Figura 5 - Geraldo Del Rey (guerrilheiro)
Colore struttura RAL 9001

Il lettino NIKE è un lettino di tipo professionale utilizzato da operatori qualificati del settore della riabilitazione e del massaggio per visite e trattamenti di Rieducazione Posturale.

=======

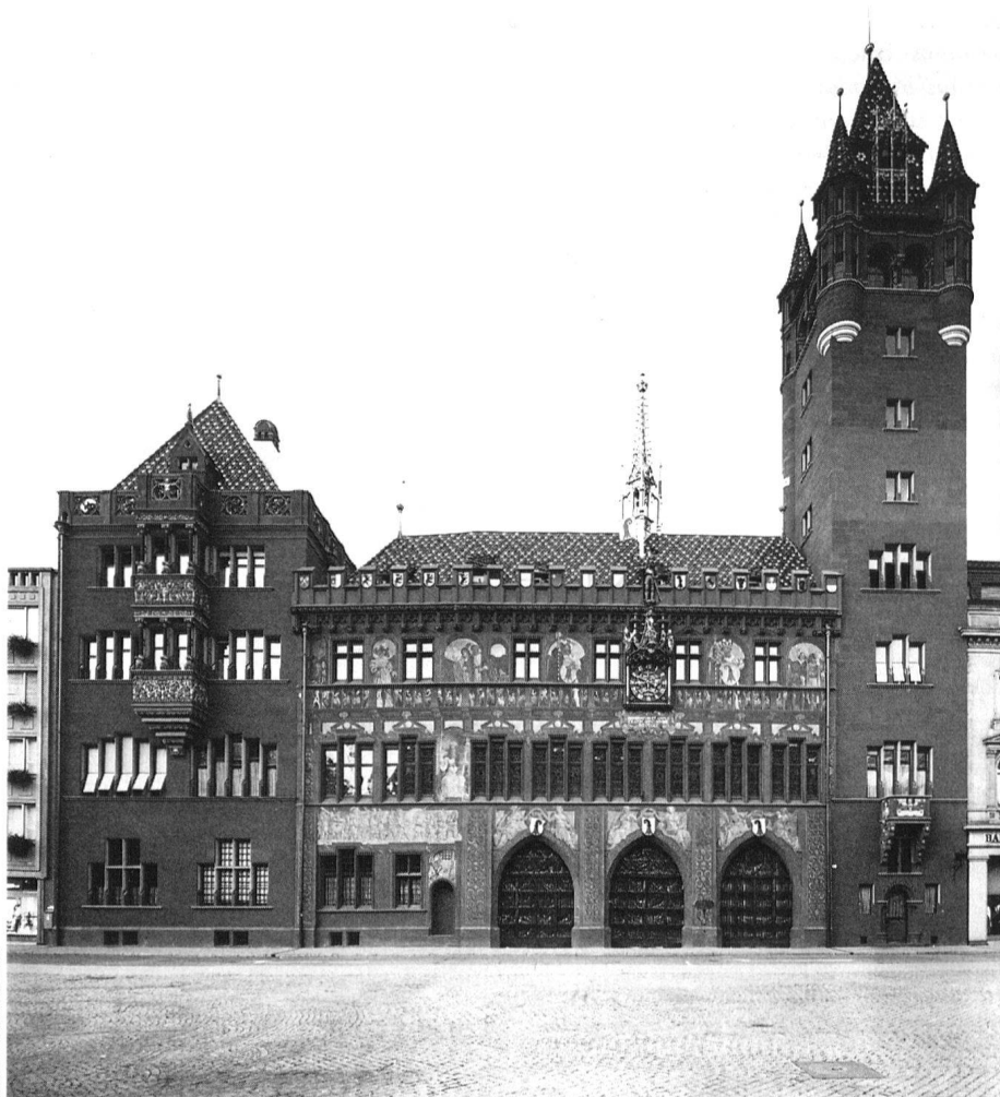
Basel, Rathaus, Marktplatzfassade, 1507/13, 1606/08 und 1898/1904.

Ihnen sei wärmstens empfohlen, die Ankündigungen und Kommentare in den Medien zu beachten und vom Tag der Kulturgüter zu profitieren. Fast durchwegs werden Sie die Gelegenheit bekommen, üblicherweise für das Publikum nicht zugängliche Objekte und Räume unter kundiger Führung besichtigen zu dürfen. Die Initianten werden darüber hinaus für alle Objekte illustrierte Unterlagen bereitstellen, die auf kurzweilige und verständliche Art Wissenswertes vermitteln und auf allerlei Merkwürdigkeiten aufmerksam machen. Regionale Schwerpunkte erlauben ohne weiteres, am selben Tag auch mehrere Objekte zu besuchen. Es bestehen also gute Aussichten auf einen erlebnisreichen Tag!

=======

→ **Problem**
The reply should consist solely of the lines above from the one that has "Colore struttura RAL 9001" through the one that has "Il lettino NIKE", reproduced exactly.

→ **Expected output**
Colore struttura RAL 9001

Il lettino NIKE è un lettino di tipo professionale utilizzato da operatori qualificati del settore della riabilitazione e del massaggio per visite e trattamenti di Rieducazione Posturale.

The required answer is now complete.